- **EXERCISE DESCRIPTION**
Only lines, not pictures: please repeat exactly the lines from the one with "Large clear storage" through the end of the listing.
=== Section Start ===
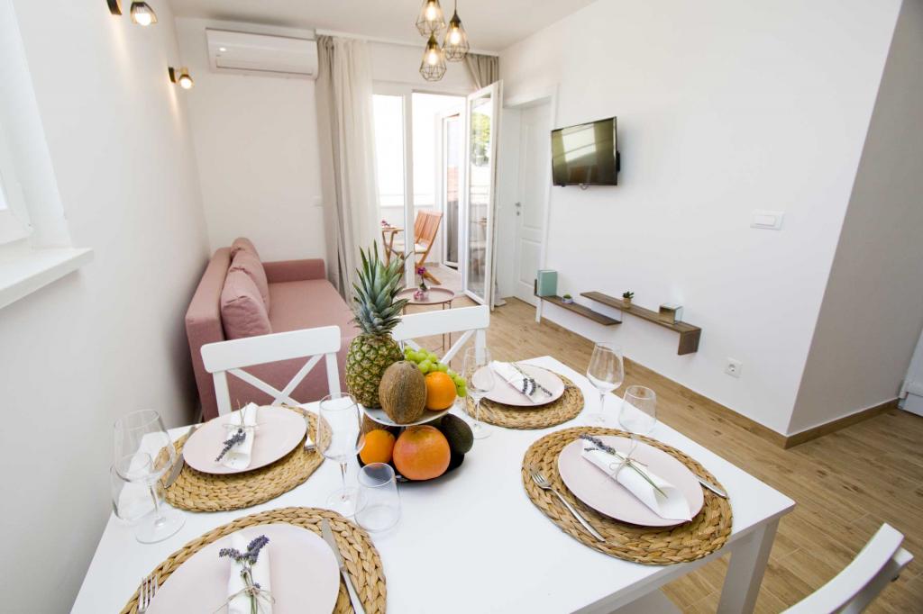 Pobytová taxa je v ceně.Krásný apartmán.Moderně zařízený, čistý, voňavý.Zařízený vším co na dovolené potřebujete. Z terasy kouzelný výhled na moře a přístav. Majitelé, vstřícní , sympatičtí vždy nápomocní.
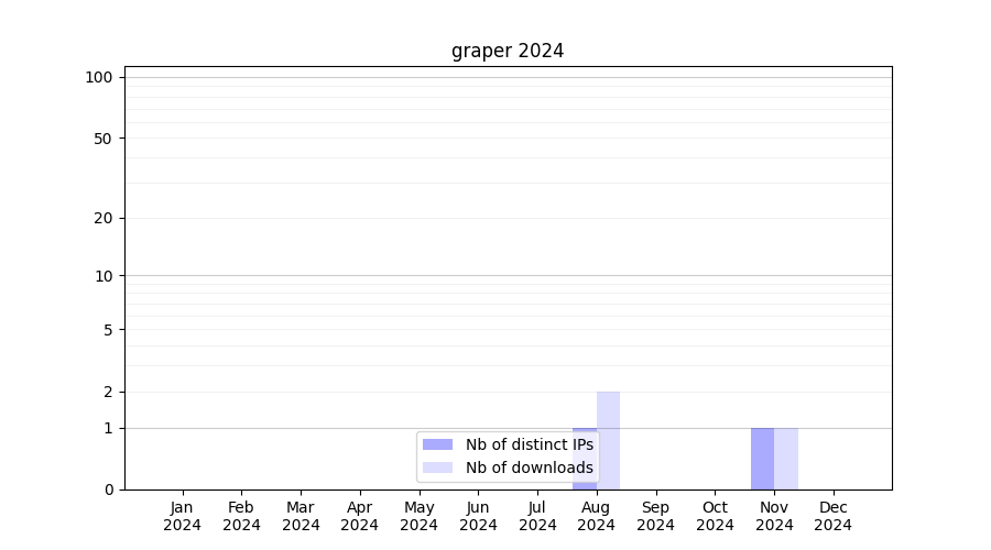 Number of downloads for experiment package graper, year by year, from 2025 back to 2014 (years with no downloads are omitted):
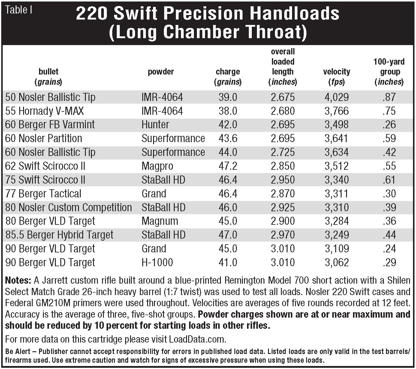 Despite being 89 years young and lacking what some shooters consider to be a modern shape, the 220 Swift is still popular enough for Nosler, Federal, Hornady, HSM and Remington to continue loading with a variety of bullet weights and styles. Shown here is a load used by Layne over the years to take a few deer.
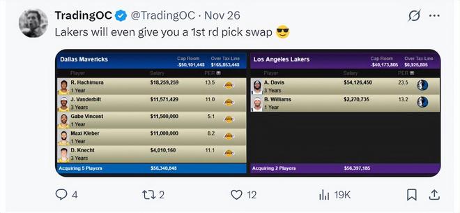 湖媒模擬了一套方案,湖人用:八村壘、范德比爾特、文森特、克勒貝爾、克內克特、1個未來首輪互換權從獨行俠換回濃眉、布蘭登-威廉姆斯。
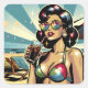 Schöne Pinup Frau mit Cola am Strand Quadratischer Aufkleber
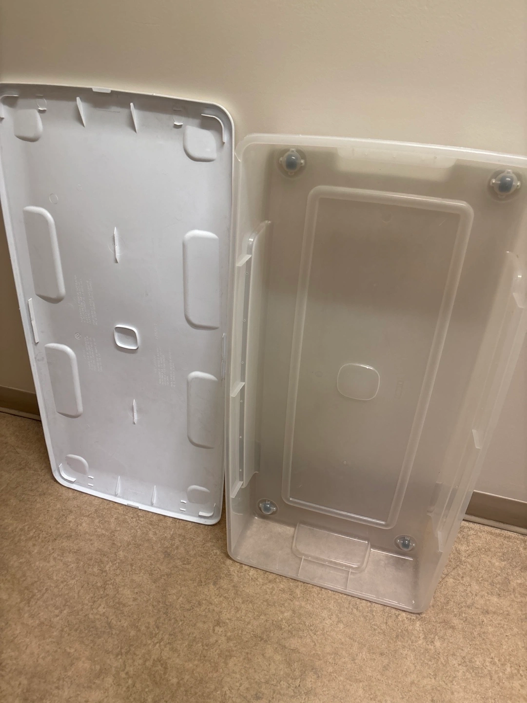 Large clear storage bin with a white lid. Includes a handle on the side. Great for storing toys, clothes, or other household items.
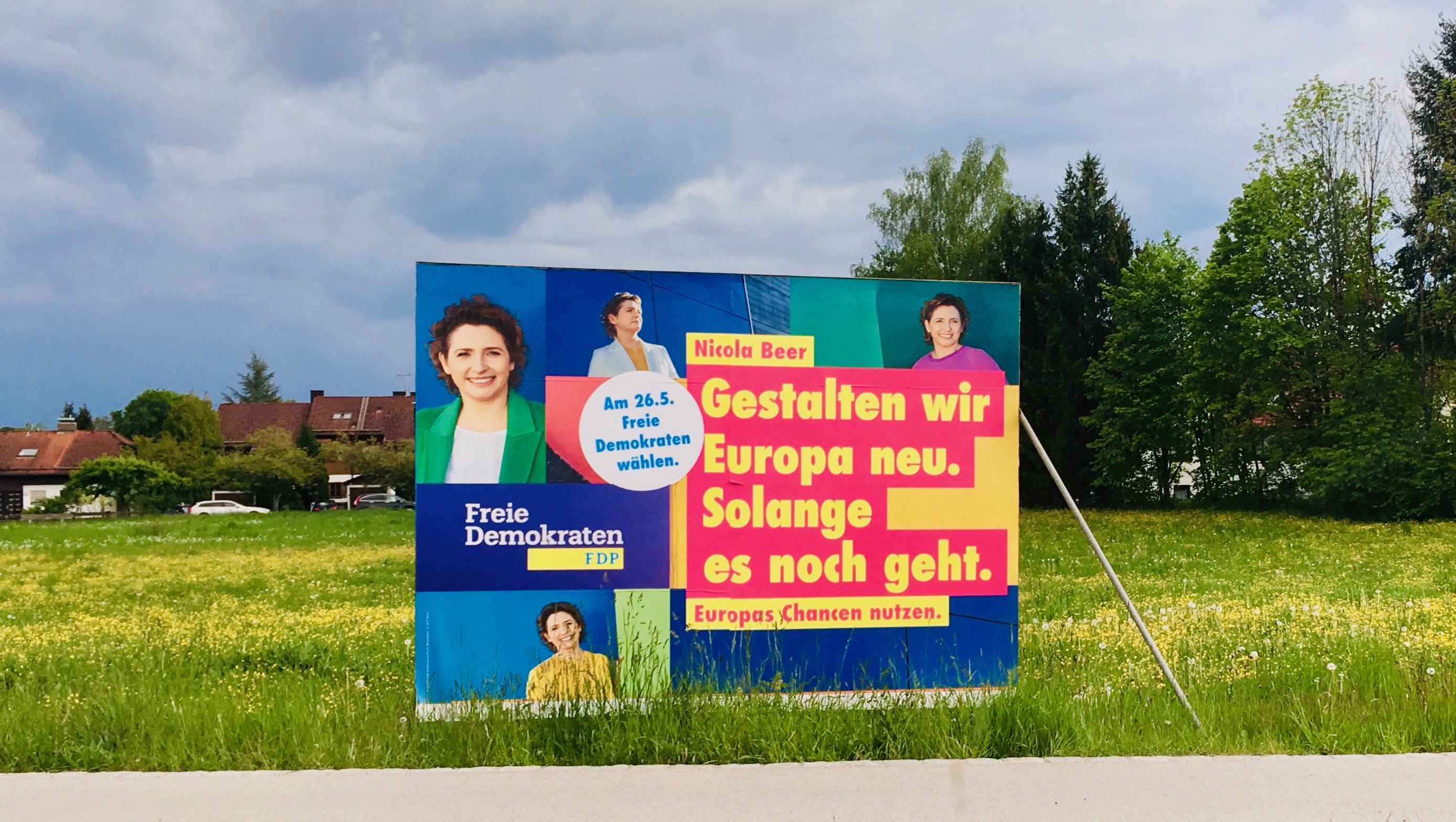 Auch plakativ traditionell stark vertreten ist in Berg die FDP. Die kleinste im Landtag vertretene Partei hat das mit Abstand größte Plakat im Gemeindegebiet aufgestellt (und die meisten vielleicht auch). Das große Plakat sieht zwar aus, als hätte sich die Werbeagentur nicht entscheiden können, welches der vielen kleinen Plakate sie nehmen soll, dafür erinnert es am Berger Kreisel daran, dass an diese Stelle nicht nur Europa, sondern bald auch das Berger Rathaus gestaltet werden muss: Allerdings nur “Solange es noch geht” … keine Ahnung, was uns dieser sinnfrei apokalyptische Slogan sagen soll. Ganz zu schweigen davon, dass vor dieser Wendung ein Komma und kein Punkt stehen müßte, da das Wort “solange” grammatikalisch eine “Konjunktion” ist, die Sätze verbindet. Zurück in die Grundschule.
=== Section End ===
- **EXERCISE RESPONSE**
 Large clear storage bin with a white lid. Includes a handle on the side. Great for storing toys, clothes, or other household items.
 Auch plakativ traditionell stark vertreten ist in Berg die FDP. Die kleinste im Landtag vertretene Partei hat das mit Abstand größte Plakat im Gemeindegebiet aufgestellt (und die meisten vielleicht auch). Das große Plakat sieht zwar aus, als hätte sich die Werbeagentur nicht entscheiden können, welches der vielen kleinen Plakate sie nehmen soll, dafür erinnert es am Berger Kreisel daran, dass an diese Stelle nicht nur Europa, sondern bald auch das Berger Rathaus gestaltet werden muss: Allerdings nur “Solange es noch geht” … keine Ahnung, was uns dieser sinnfrei apokalyptische Slogan sagen soll. Ganz zu schweigen davon, dass vor dieser Wendung ein Komma und kein Punkt stehen müßte, da das Wort “solange” grammatikalisch eine “Konjunktion” ist, die Sätze verbindet. Zurück in die Grundschule.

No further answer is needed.